Why medical students learn the Krebs cycle: A fascinating case report by alumnus Joshua Fessel, M.D., Ph.D. (’06)
by Rachel Brown (G2)
Avery-Cohen Associate College Advisor Dr. JP Arroyo and Vanderbilt MSTP alumnus Dr. Josh Fessel (’06) recently published a true case of “bench-to-bedside” in action,”Treatment of Acute Intoxication from Inhaled 1,2-Difluoroethane,” in the Annals of Internal Medicine. While I suggest reading the actual case report, not all of our subscribers may have access to the full text, so here’s a summary.

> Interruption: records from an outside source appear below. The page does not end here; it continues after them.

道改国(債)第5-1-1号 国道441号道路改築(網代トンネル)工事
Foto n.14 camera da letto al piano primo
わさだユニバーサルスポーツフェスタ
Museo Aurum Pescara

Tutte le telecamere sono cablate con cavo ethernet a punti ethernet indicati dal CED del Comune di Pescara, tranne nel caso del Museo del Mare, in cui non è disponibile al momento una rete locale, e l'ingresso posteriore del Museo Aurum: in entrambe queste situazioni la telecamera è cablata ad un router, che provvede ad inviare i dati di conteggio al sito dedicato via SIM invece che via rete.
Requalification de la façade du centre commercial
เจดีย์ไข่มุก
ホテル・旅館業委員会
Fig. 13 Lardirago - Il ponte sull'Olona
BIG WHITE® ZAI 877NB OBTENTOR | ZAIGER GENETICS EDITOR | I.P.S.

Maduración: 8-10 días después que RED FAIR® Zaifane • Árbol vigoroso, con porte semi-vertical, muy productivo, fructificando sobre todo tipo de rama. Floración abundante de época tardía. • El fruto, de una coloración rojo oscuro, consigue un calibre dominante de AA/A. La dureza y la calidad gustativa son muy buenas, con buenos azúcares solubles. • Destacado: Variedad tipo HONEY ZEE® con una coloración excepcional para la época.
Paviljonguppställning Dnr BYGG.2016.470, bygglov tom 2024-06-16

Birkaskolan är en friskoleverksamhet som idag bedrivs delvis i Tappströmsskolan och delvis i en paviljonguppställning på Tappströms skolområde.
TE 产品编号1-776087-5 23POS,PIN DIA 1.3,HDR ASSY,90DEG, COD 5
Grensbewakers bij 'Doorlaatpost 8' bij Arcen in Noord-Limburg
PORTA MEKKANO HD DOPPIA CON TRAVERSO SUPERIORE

Earlier this year in the Vanderbilt emergency department, a 26-year old woman suffered acute respiratory failure following unwitnessed recreational inhaling of 1,2-difluoroethane. She had multiple cardiac arrests due to ventricular fibrillation, but ultimately an organized rhythm was achieved, and she was intubated and transferred to the Vanderbilt CVICU. There, she had an undetectable ejection fraction in the setting of biventricular standstill. The team initiated ECMO, a left-sided Impella heart pump, and continuous renal replacement therapy. However, in spite of maximal support, the patient’s heart function had still not improved at all after 36 hours.

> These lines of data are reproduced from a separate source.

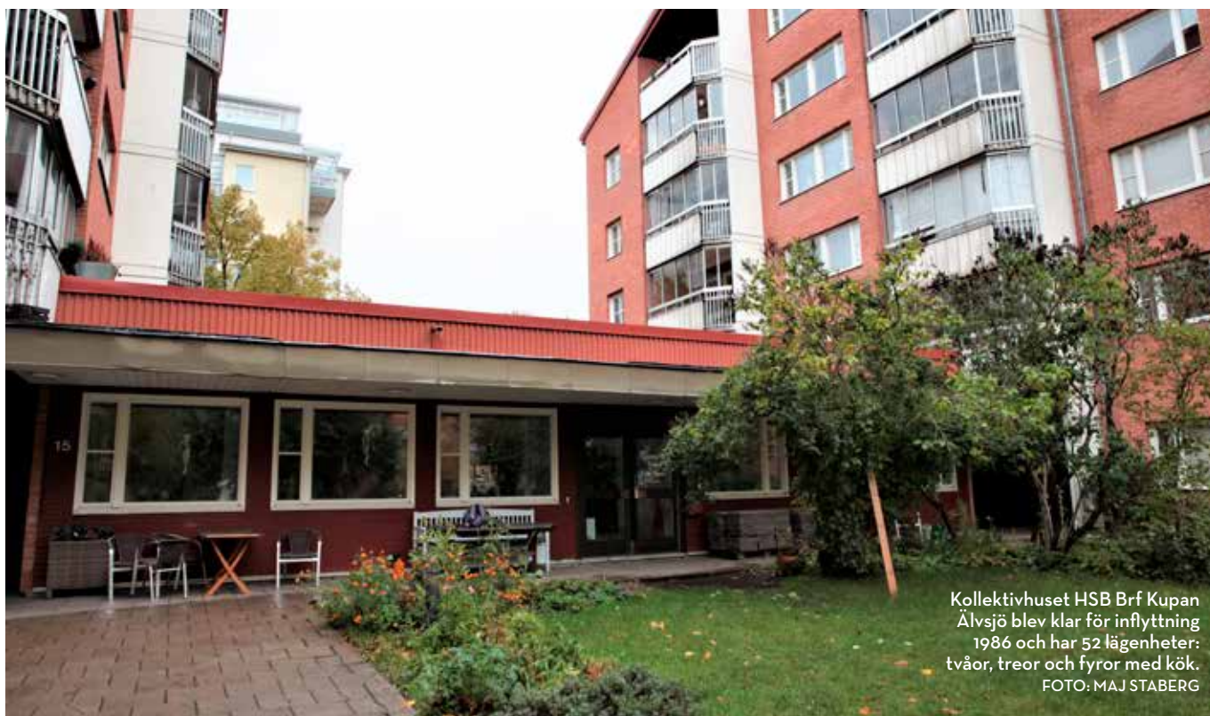
Kollektivhuset HSB Brf Kupan Älvsjö blev klar för inflyttning 1986 och har 52 lägenheter: tvåor, treor och fyror med kök.

lokalerna oftast mest av barnen. I de som är för 40+ finns många vuxna med gott om tid för vuxengemenskap, som daglig fikastund och studiecirklar.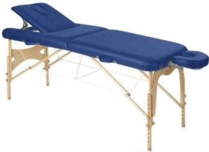
Table d'examen et de massage h. réglable h904_35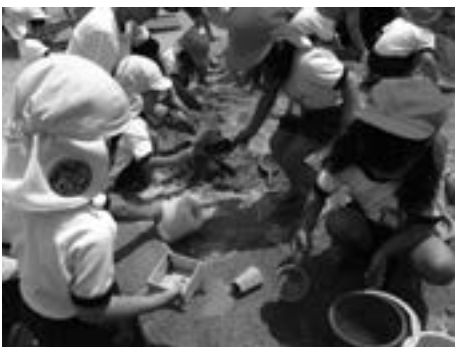
畑あり砂場あり、みんな大好きななかよし広場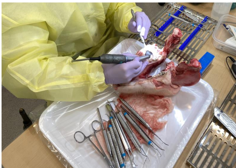
豚顎を用いた歯周外科実習

卒業後の進路は今後の歯科医師人生を大きく左右する重要な分岐点です。当分野で歯周治療の基本、高度な歯周外科治療、インプラント治療を含めた補綴治療および口腔機能回復治療をマスターしましょう！

Dr. Fessel, an expert in mitochondrial and redox biology, consulted with the team. Together, they came up with a salvage therapy to attempt to restore the patient’s cardiac function based on the fact that a metabolite of 1,2-difluoroethane, fluorocitrate, blocks the citric acid cycle, halting cellular energy production. The salvage therapy consisted of: insulin and dextrose to maximize glucose entry; niacinamide to lower lactate production, increase mitochondrial ATP synthesis, and increase NADPH availability; N-Acetylcysteine to increase glutathione, an important mitigator of oxidative stress; levocarnitine to maximize fatty acid oxidation; and a lipid emulsion to provide a source of fatty acids for fuel and serve as a “sink” for the toxin. Importantly, all of these therapies were readily available in the hospital pharmacy. When asked which treatment he would prioritize, Dr. Fessel said that insulin/dextrose would be his first choice because it has been shown to improve myocardial function in other settings.

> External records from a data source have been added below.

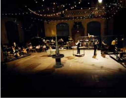
Votre Faust, mise en scène Aliénor Dauchez

ALIÉNOR DAUCHEZ / COMPAGNIE LA CAGE / TM +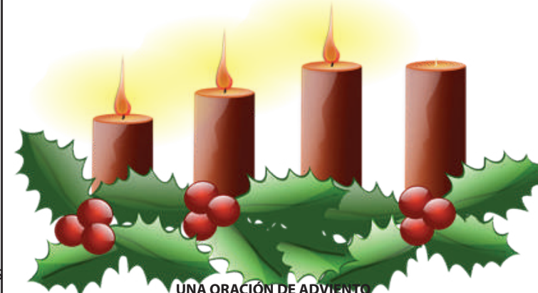
UNA ORACIÓN DE ADVIENTO

Miranos, Jesús, y deja que toda la oscuridad de nuestras almas desaparezca ante los rayos de tu brillo. Llénanos con tu santo amor y ábrenos los tesoros de tu sabiduría. Conoces todos nuestros deseos, así que lleva a la perfección lo que has comenzado y lo que el Espíritu Santo nos ha despertado para pedir en oración. Buscamos tu rostro, volteamos tu rostro hacia nosotros y nos muestran tu gloria. Entonces nuestro anhelo será satisfecho y nuestra paz será perfecta. Amén. -St. Agustín de Hipona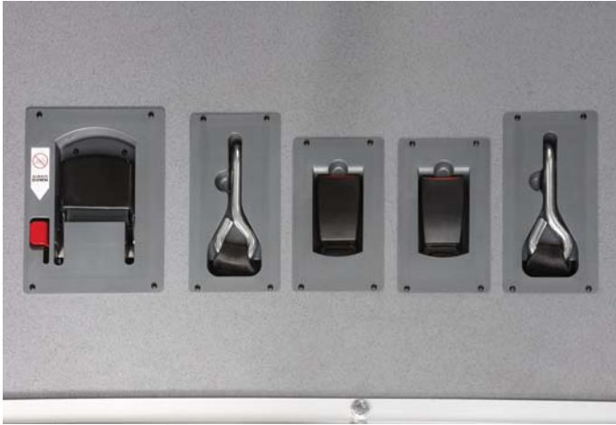
Die Einzelkomponenten des neuen Einbau-Rollstuhlhaltungssystem- Smartfloor-PLUS. Flach im Boden integriert.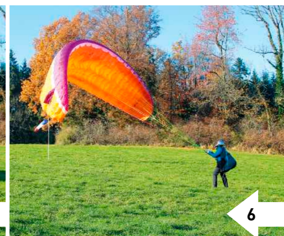
6: Geht der Pilot jetzt ein bis zwei Schritte auf den Schirm zu, beginnt die Kappe nach hinten abzukippen. Die Bremsen werden gelöst, die A-Gurte knapp unterhalb der Leinenschlösser von außen gefasst.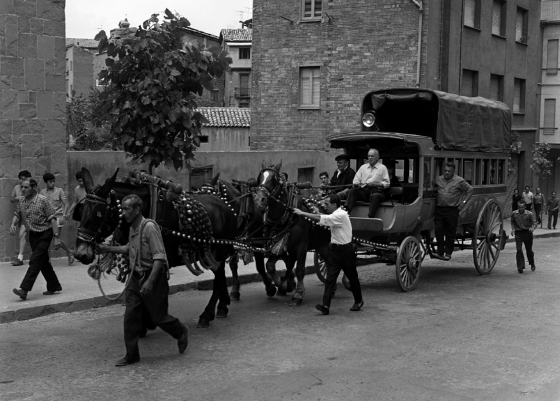
La mobilitat de les poblacions humanes aconseguida gràcies a la domesticació de cavalls i ases va suposar una de les primeres grans transformacions de la història.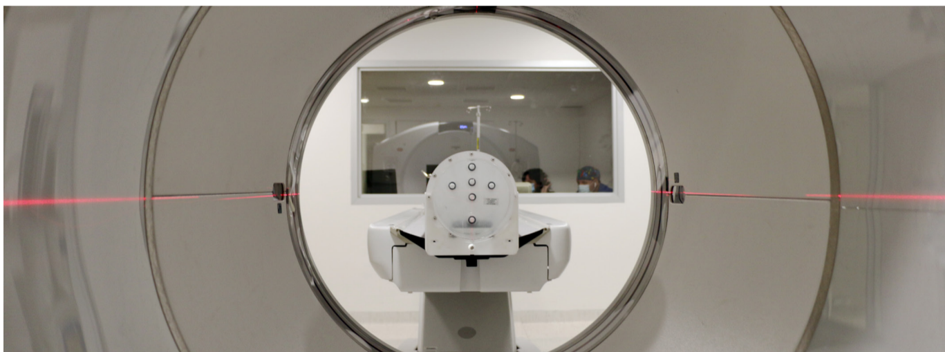
Nuevo PET CT para el Centro del Cáncer María Luisa Solari Falabella

No hay que olvidar que, a diferencia de las clínicas privadas, las instituciones públicas de salud financian todas sus actividades con recursos estatales (sin costo financiero de por medio), esta es una gran diferencia con respecto a las instituciones privadas de salud como CLC, donde estas deben salir a financiar con deuda privada y con exposición a las condiciones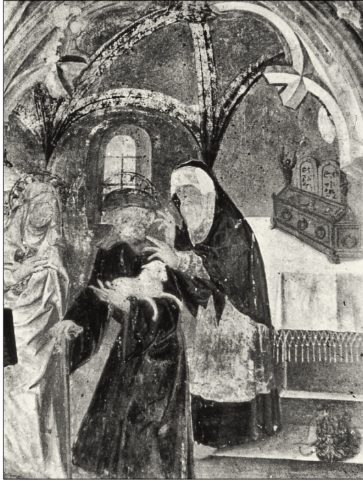
5. Zavrnitev Joahimove daritve, 1504, p. c. sv. Primoža in Felicijana nad Kamnikom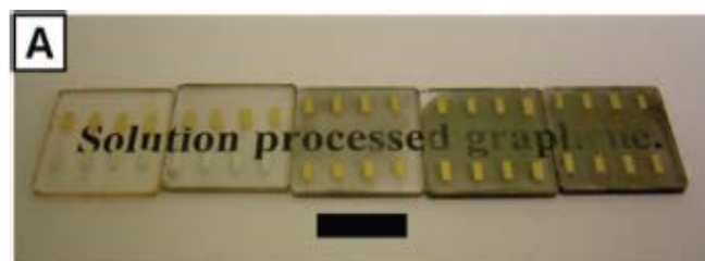
图 3、基于石墨烯的透明电极材料

获得了可溶性石墨烯材料及柔性透明导电薄膜（图 3）；制备了基于石墨烯的高稳定性有机光伏电池及复合材料。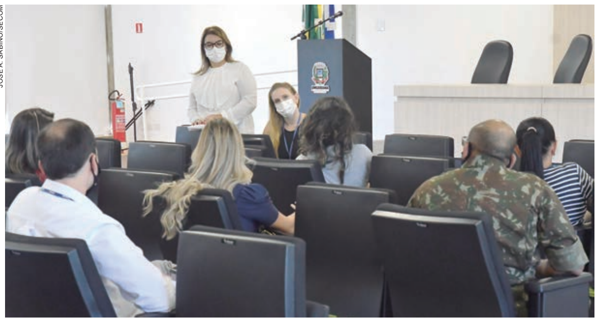
NUMA reunião realizada na Prefeitura entre os envolvidos, foram definidos os detalhes de como será realizada a ação

Além de todos esses serviços, também serão montados brinquedos infláveis para a criançada e feitas avaliações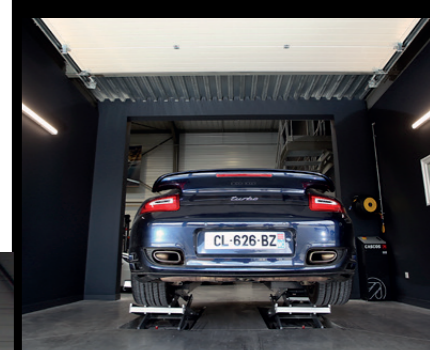
Le sas d'accueil et son pont spécialement dédiés à l'analyse des Porsche en présence de leurs propriétaires afin de faire un point sur les opérations à effectuer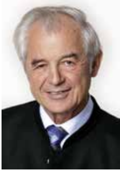
Vizekanzler a.D. DI Josef Riegler

Ob wir es wollen oder nicht: Afrika ist unser Schicksal!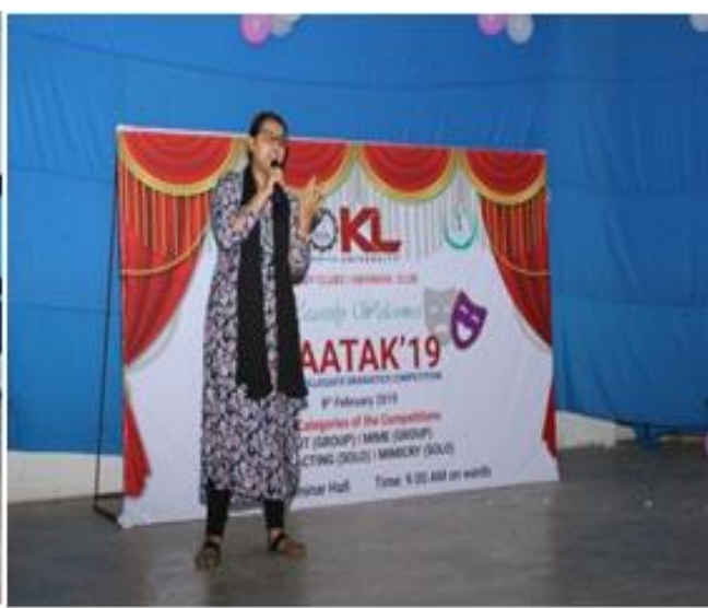
Performance by students in Inter Collegiate Dramatic Competitions on 08-02-2019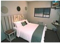
Auas City Lodge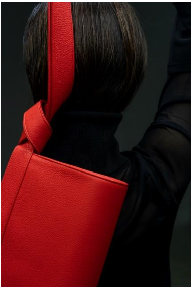
Unterarmtasche TAPE XS, Rindleder, 2017 © Dimitrios Tsatsas, TSATSAS

Within an hour following initiation of salvage therapy, detectable cardiac motion returned. Over the next couple of days, the patient’s ejection fraction had increased to 30% and ultimately returned to normal. However, due to multifactorial pulmonary dysfunction and severe limb ischemia secondary to venoarterial ECMO, the patient was transferred to comfort care and expired. While the salvage therapy may not have been responsible for the impressive return of cardiovascular function after complete cardiovascular collapse, there is no current antidote to 1,2-difluoroethane intoxication. Use of this therapy may be able to help other patients, particularly since the components are widely available, inexpensive, and safe to use.